Not all movies – Star Wars Episode IV: A New Hope still reveals new facets of mythic complexity every Sunday – but the whole movie culture: a half-dozen new releases almost every week, the incessant obsession with box office and awards, the flood of contradictory reviews and fiery debate … . It’s no wonder Owen Wilson wanted to escape.

Rather than bitch and moan – or act out in self-destructive ways – I’ll offer my suggestions on how to fix the movie industry in a few easy steps.

Reduce the supply of movies. This is a no-brainer, but movie-theater chains need to accelerate the trend of showing fewer movies on more screens.

Let’s put it in the simplest terms possible. Before it was even released, Rescue Dawn was a loser. It had no bankable stars, downer subject matter, a director who’s hardly a household name, and a marketing budget that was tiny by today’s summer-movie standards.
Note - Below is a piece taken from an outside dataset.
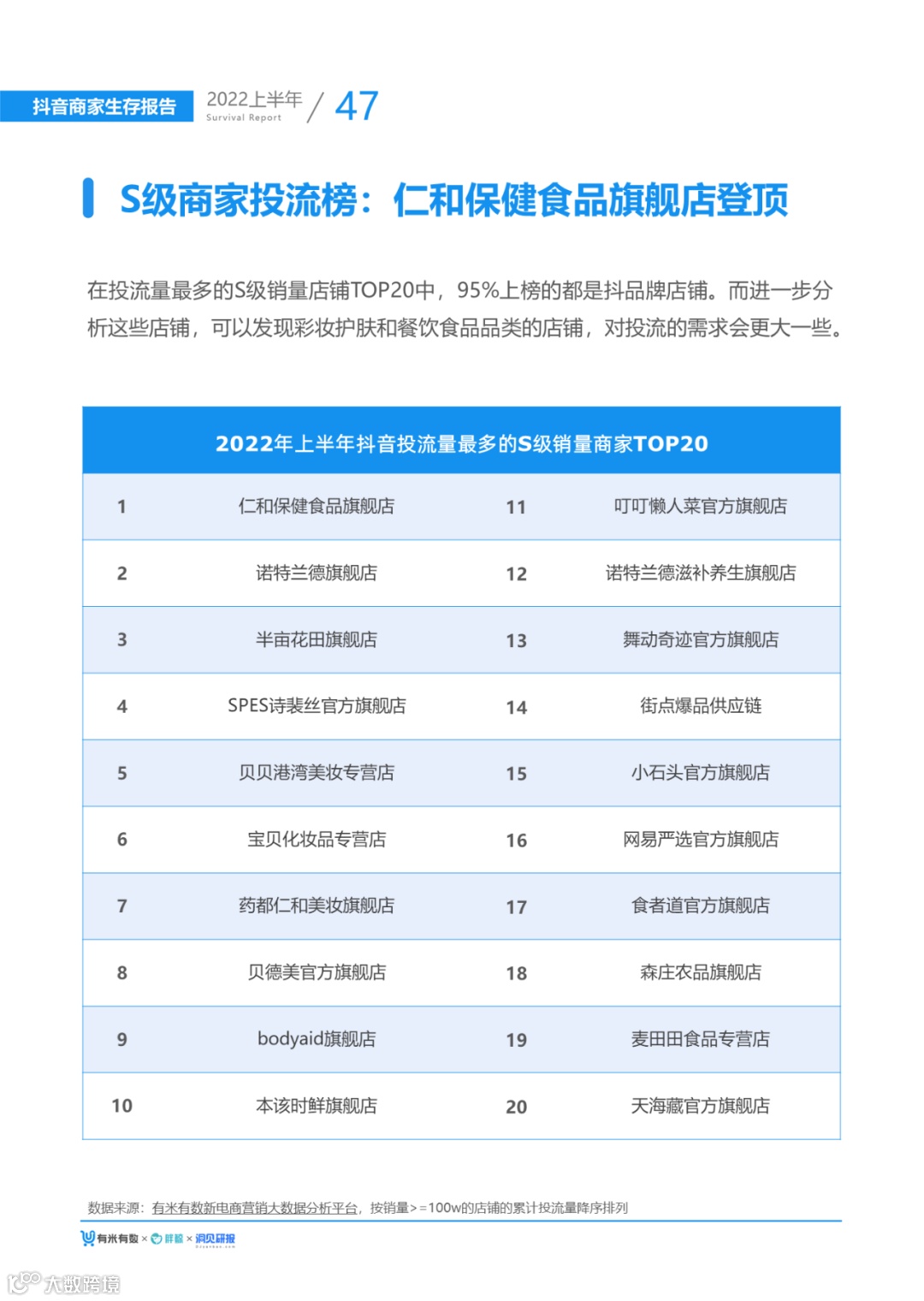 报告从销量、投流量两大维度分析头部商家的竞争状况,在TOP20的S级销量店铺中,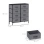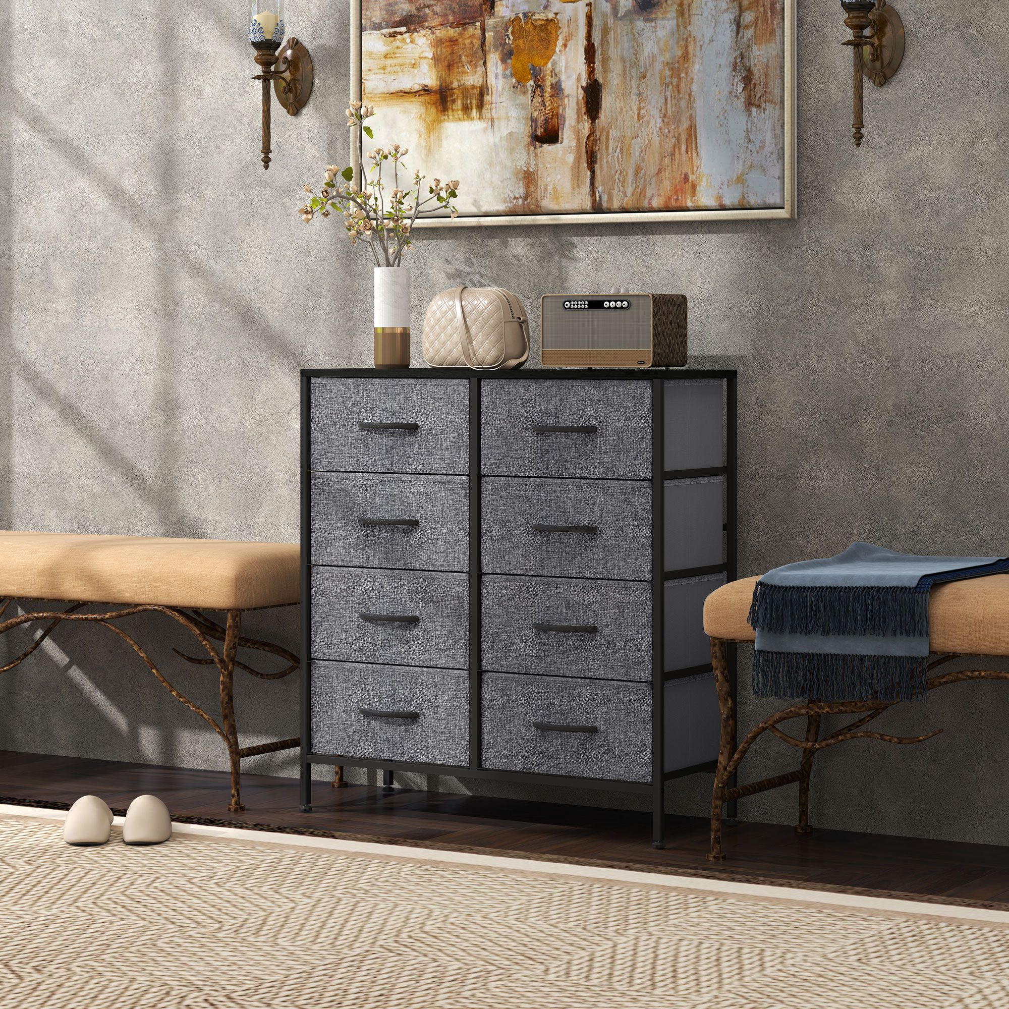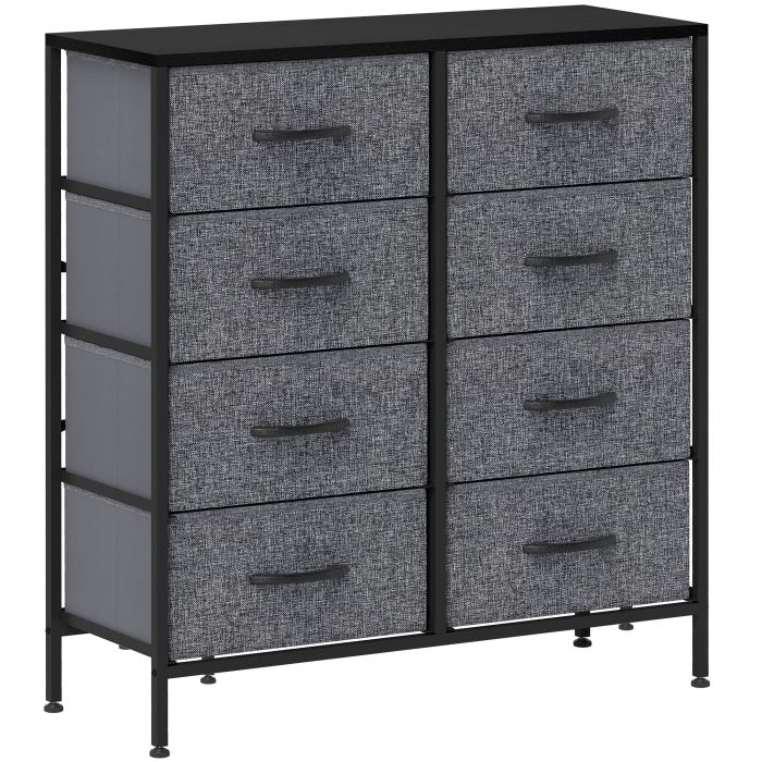 JAPRIS Black Chest of Drawers - Medium-sized, 8 Drawers, Double, Fabric Drawers

How could it compete with Transformers?

Mightn’t the world have been a better place if theaters had refused to screen Rescue Dawn, or better yet if the movie studios had never even made it? If we eliminate these fringe movies, we’re left with a more-level playing field.

In this crowded and tilted marketplace, consumers are ill-equipped to make informed decisions about what movies they might like. They see a TV ad or two for Rescue Dawn, but not enough for the marketing to really sink in, so they think that it’s an animated movie about heroic mice during World War III, which was prompted by the Vietnamese takeover of the United States. And they think that sounds pretty cool. They’re therefore flawed consumers, because they have a much better idea of the plot and premise of Transformers, and it definitely looks cool.

By simplifying the choice from “Should we see Rescue Dawn or Transformers?” to “Should we see Transformers at 8 or 8:30?” theater proprietors create competition that’s more perfect. After all, they have access to audience-testing information that shows that nobody has a firm understanding of what Rescue Dawn is about, let alone that it’s a fucking remake of a god-damned documentary. By the same director. Get it right the first time, funny little German man!

And don’t say that somebody might actually, truly want to see Rescue Dawn, and should have the opportunity to do so. Yeah, and some people want to have sex with dogs, but we as a society shouldn’t facilitate that. It is an indisputable fact that more people wanted to see Transformers than Rescue Dawn, yet in some cities, that little “arty” movie was making Transformers a little less convenient by hogging a screen.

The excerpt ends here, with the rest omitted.